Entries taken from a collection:
..........

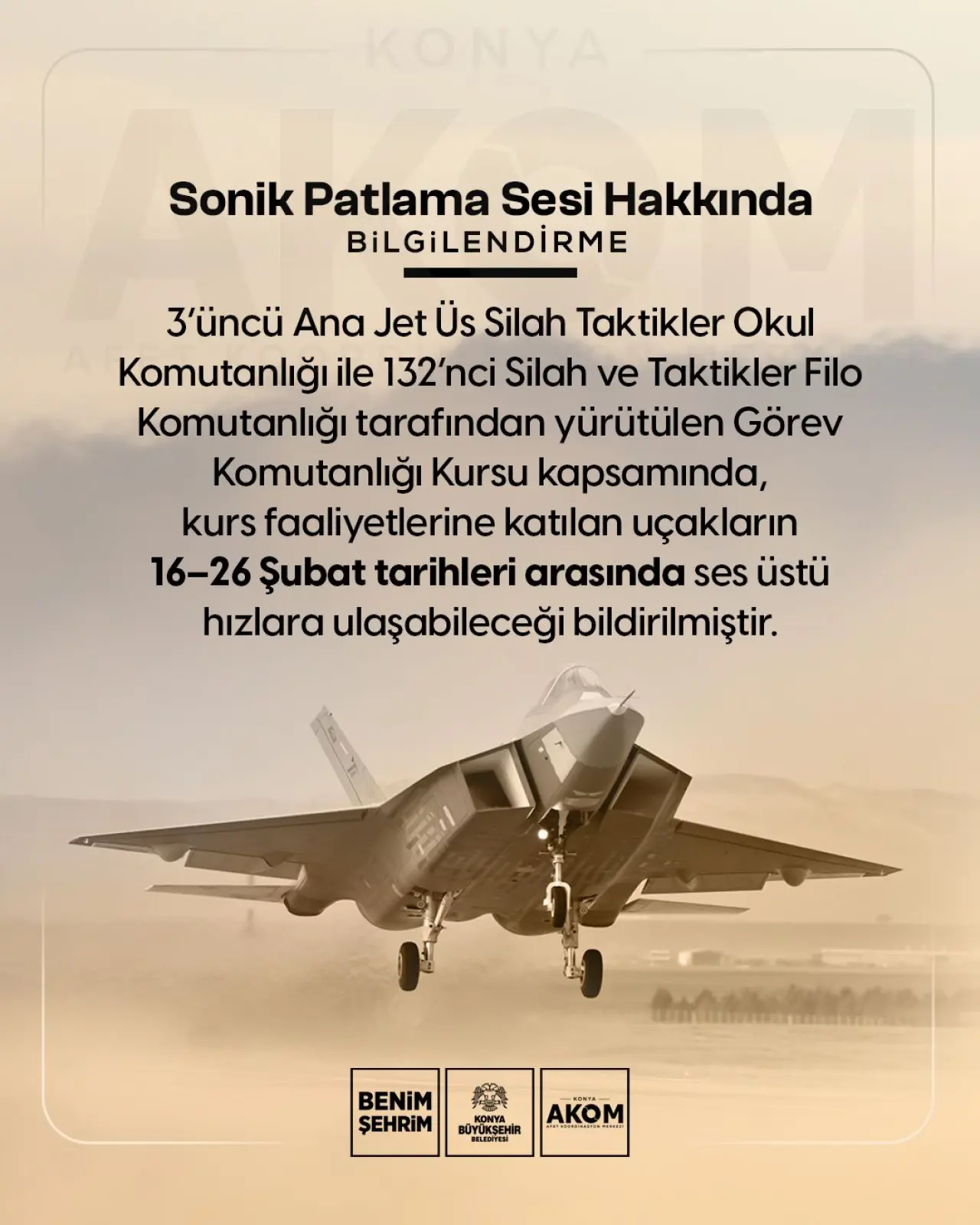 Yapılan açıklamada, kurs faaliyetlerine katılan uçakların 16–26 Şubat tarihleri arasında ses üstü hızlara ulaşabileceği bildirildi. Bu uçuşlar sırasında patlama benzeri yüksek seslerin, yani sonik patlamaların duyulabileceği ifade edildi.
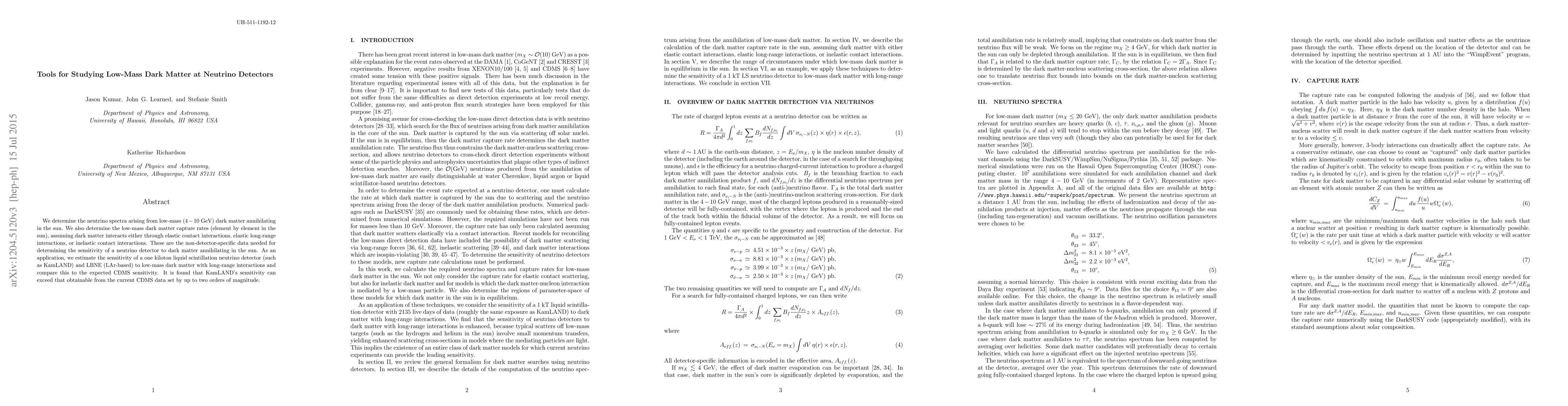 We determine the neutrino spectra arising from low-mass (4-10 GeV) dark matter annihilating in the sun. We also determine the low-mass dark matter capture rates (element by element in the sun), assuming dark matter interacts either through elastic contact interactions, elastic long-range interactions, or inelastic contact interactions. These are the non-detector-specific data needed for determining the sensitivity of a neutrino detector to dark matter annihilating in the sun. As an application, we estimate the sensitivity of a one kiloton liquid scintillation neutrino detector (such as KamLAND) and LBNE (LAr-based) to low-mass dark matter with long-range interactions and compare this to the expected CDMS sensitivity. It is found that KamLAND's sensitivity can exceed that obtainable from the current CDMS data set by up to two orders of magnitude.
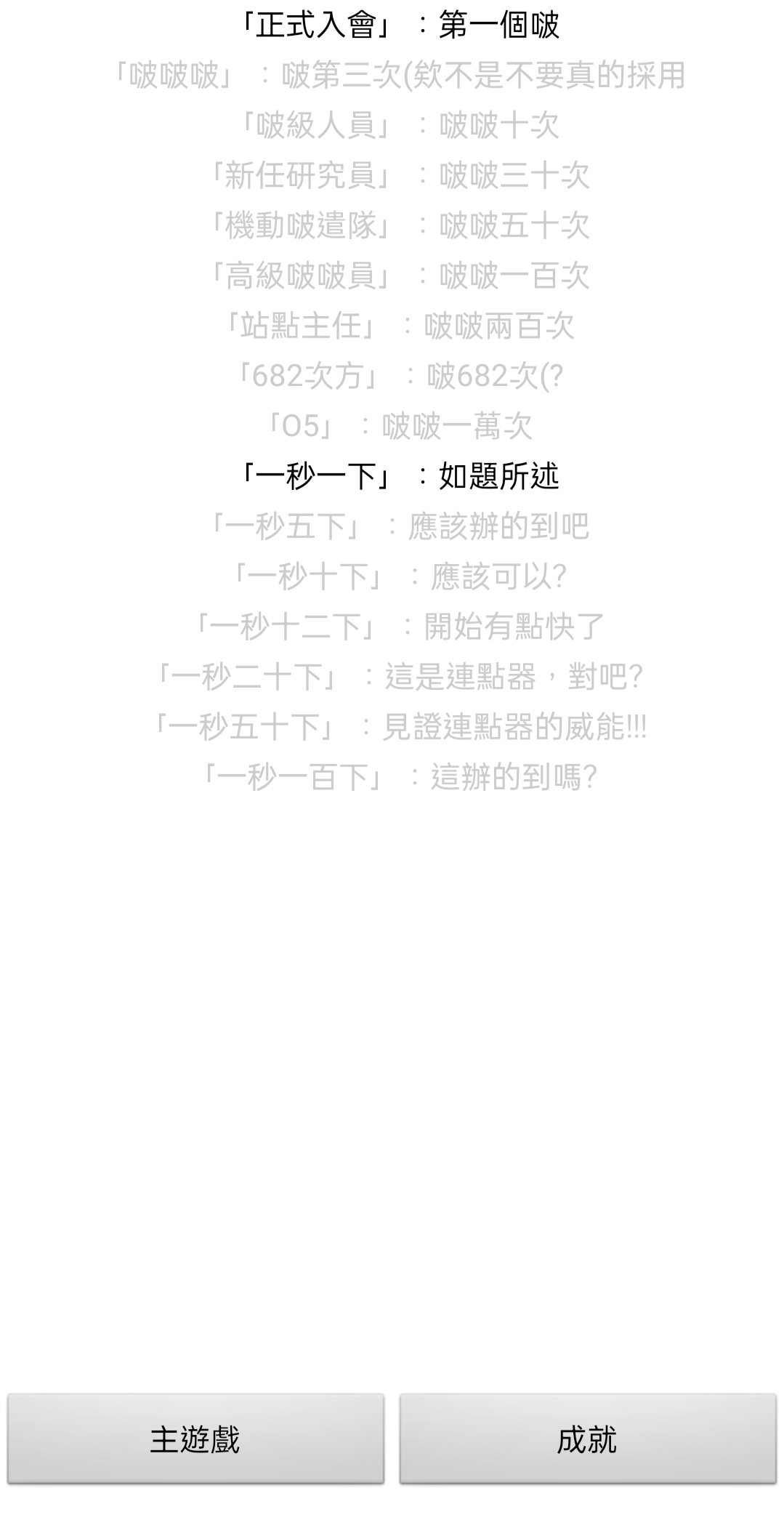 此作品是一個可聯網的手機點擊遊戲,有著極低的遊戲性,還有一些幾乎不太可能達到的成就。以MIT App Inventor2 編寫,這同時也是Google Play說無法辨識開發人員的原因。
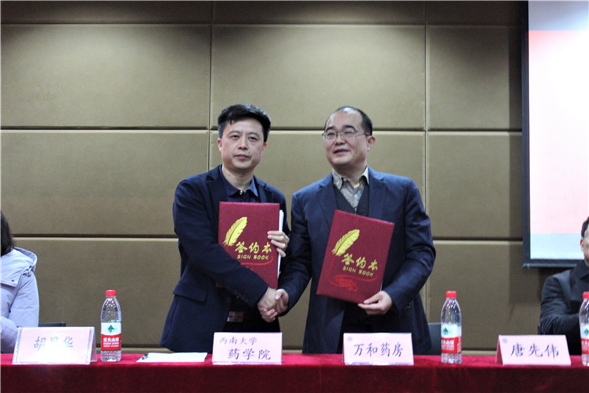 12月29日下午,药学院 中医药学院与万和药业集团战略合作签约仪式在蚕学宫举行。万和药业集团董事长唐先伟、副总裁张琳、人力资源部总监王小红,北碚区食药监分局局长张奕,beat365在线唯一官网登录学生工作部副部长高德香,药学院 中医药学院党委书记夏德全、院长胡昌华、党委副书记杨坚、副院长陈章宝、副院长陈敏、院长助理付志锋等出席签约仪式。
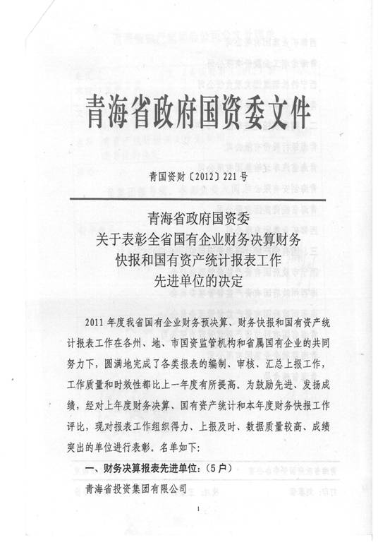 2012年,在集團及所屬各公司領導的高度重視下,在所屬各公司的大力支持和密切配合下,在辛勤工作在財務會計崗位上的同事們的共同努力下,集團總公司圓滿完成了省國資委和省財政廳各類報表的上報工作,財務信息工作質量、時效性和財務分析水平都比上一年度有所提高,受到了省國資委和省財政廳的好評,集團總公司2011年度財務決算工作被省國資委評為先進單位,集團財務審計部張莉青同志被省財政廳評為2012年度財務快報工作先進個人。
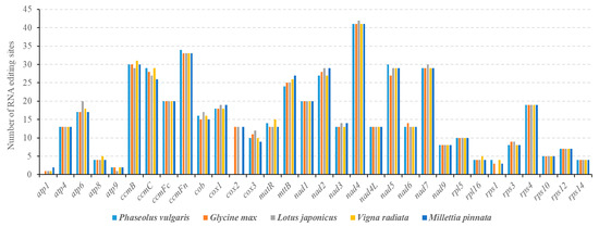 Previous studies have shown that the frequency and type of RNA editing in each organelle is highly lineage-specific [26,65,69,70]. As shown in Figure 6, the number of predicted RNA editing sites in different papilionoid legume mitogenomes is very conserved, ranging from 486 sites in P. vulgaris to 503 sites in Lotus japonicus, suggesting that they share extremely conserved PCGs. In angiospermous mitogenomes, nearly all of the RNA editing sites are C to U, and the number of RNA editing sites is concentrated between 400 to 500. For example, 463 and 444 RNA-editing sites were found in the C. lanatus and C. pepo mitogenomes, of which 394 are shared [8]; 441 and 427 RNA-editing sites were found in A. thaliana and B. napus mitogenomes, of which 358 are shared [10]. In the gymnosperm Cycas taitungensis, 1084 RNA editing sites were found in its mitogenome [71]. The clearly descending number of RNA editing sites is in accordance with gene losses from gymnosperms to angiosperms. In contrast to angiosperms and gymnosperms, both types of C-to-U and U-to-C conversions are found in the mitochondrial transcripts of ferns and hornworts [69,72].
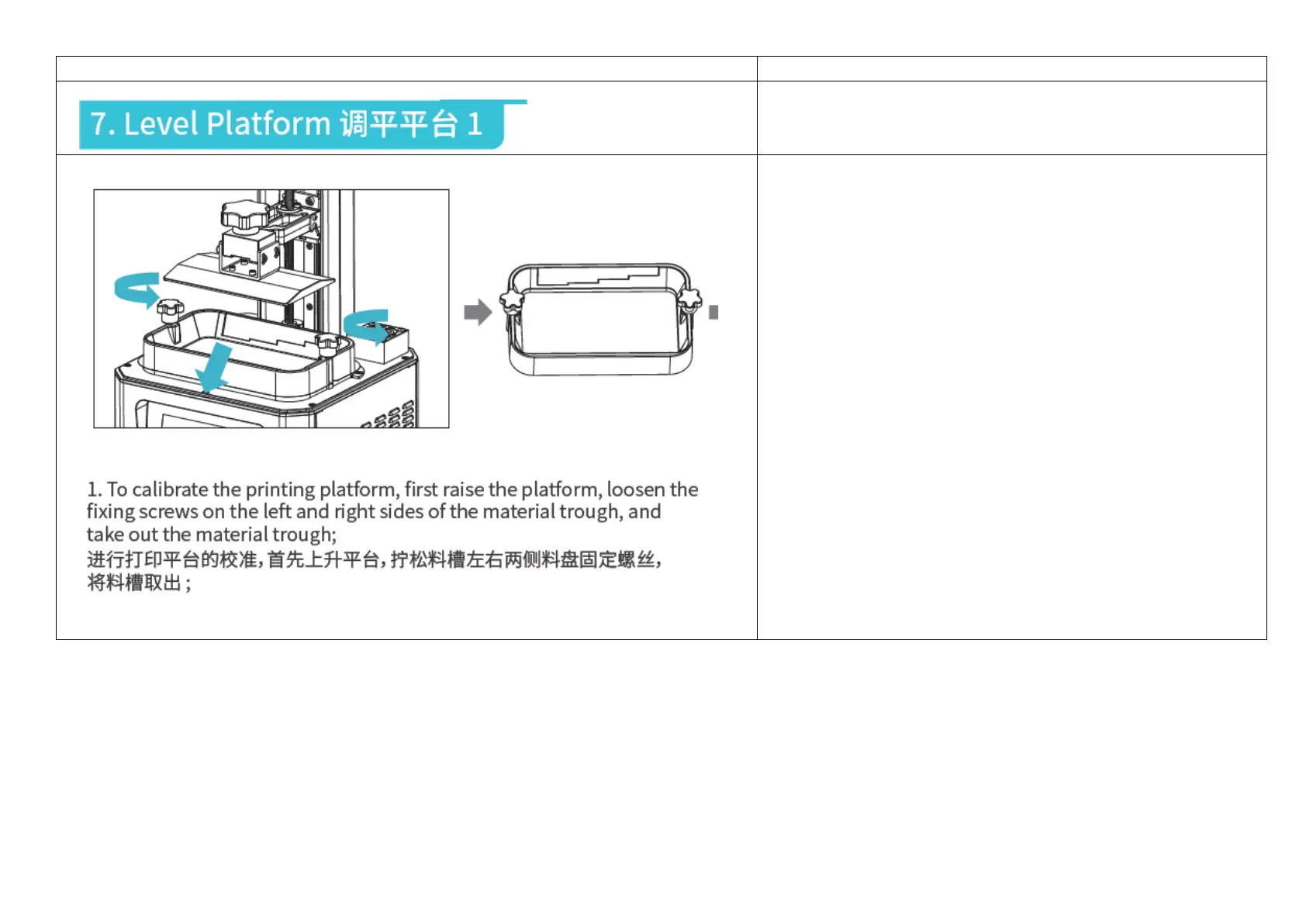 进行打印平台的校准,首先上升平台,拧松料槽左右两侧料
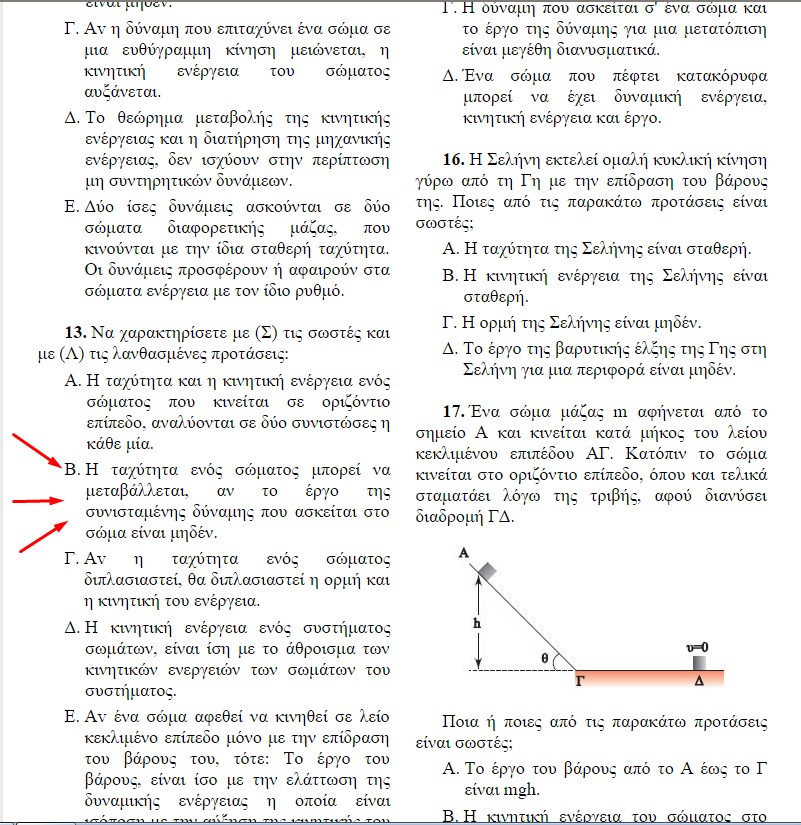 H ταχύτητα ενός σώματος μπορεί να μεταβάλλεται, αν το έργο της συνισταμένης δύναμης που ασκείται στο σώμα είναι μηδέν.
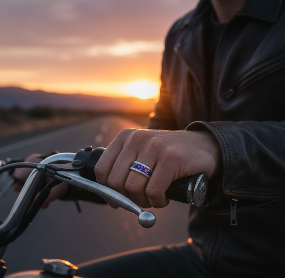 The refined sandblasted silver finish delivers a smooth matte texture with a contemporary industrial feel, creating the perfect backdrop for the vibrant nebula inlay. Swirling with deep blues, purples, and cosmic highlights, the nebula design captures the essence of distant galaxies—each ring uniquely patterned, making every piece truly one of a kind.

..........

▶ Work instructions: Lines wanted from the entries above: the one with "此作品是一個可聯網的手機點擊遊戲,有著極低的遊戲性,還有一些幾乎不太可能達到的成就。以MIT App Inventor2", the one with "2012年,在集團及所屬各公", and all lines between. Please copy them exactly, without the pictures and without anything else.

▶ Solution:
 此作品是一個可聯網的手機點擊遊戲,有著極低的遊戲性,還有一些幾乎不太可能達到的成就。以MIT App Inventor2 編寫,這同時也是Google Play說無法辨識開發人員的原因。
 12月29日下午,药学院 中医药学院与万和药业集团战略合作签约仪式在蚕学宫举行。万和药业集团董事长唐先伟、副总裁张琳、人力资源部总监王小红,北碚区食药监分局局长张奕,beat365在线唯一官网登录学生工作部副部长高德香,药学院 中医药学院党委书记夏德全、院长胡昌华、党委副书记杨坚、副院长陈章宝、副院长陈敏、院长助理付志锋等出席签约仪式。
 2012年,在集團及所屬各公司領導的高度重視下,在所屬各公司的大力支持和密切配合下,在辛勤工作在財務會計崗位上的同事們的共同努力下,集團總公司圓滿完成了省國資委和省財政廳各類報表的上報工作,財務信息工作質量、時效性和財務分析水平都比上一年度有所提高,受到了省國資委和省財政廳的好評,集團總公司2011年度財務決算工作被省國資委評為先進單位,集團財務審計部張莉青同志被省財政廳評為2012年度財務快報工作先進個人。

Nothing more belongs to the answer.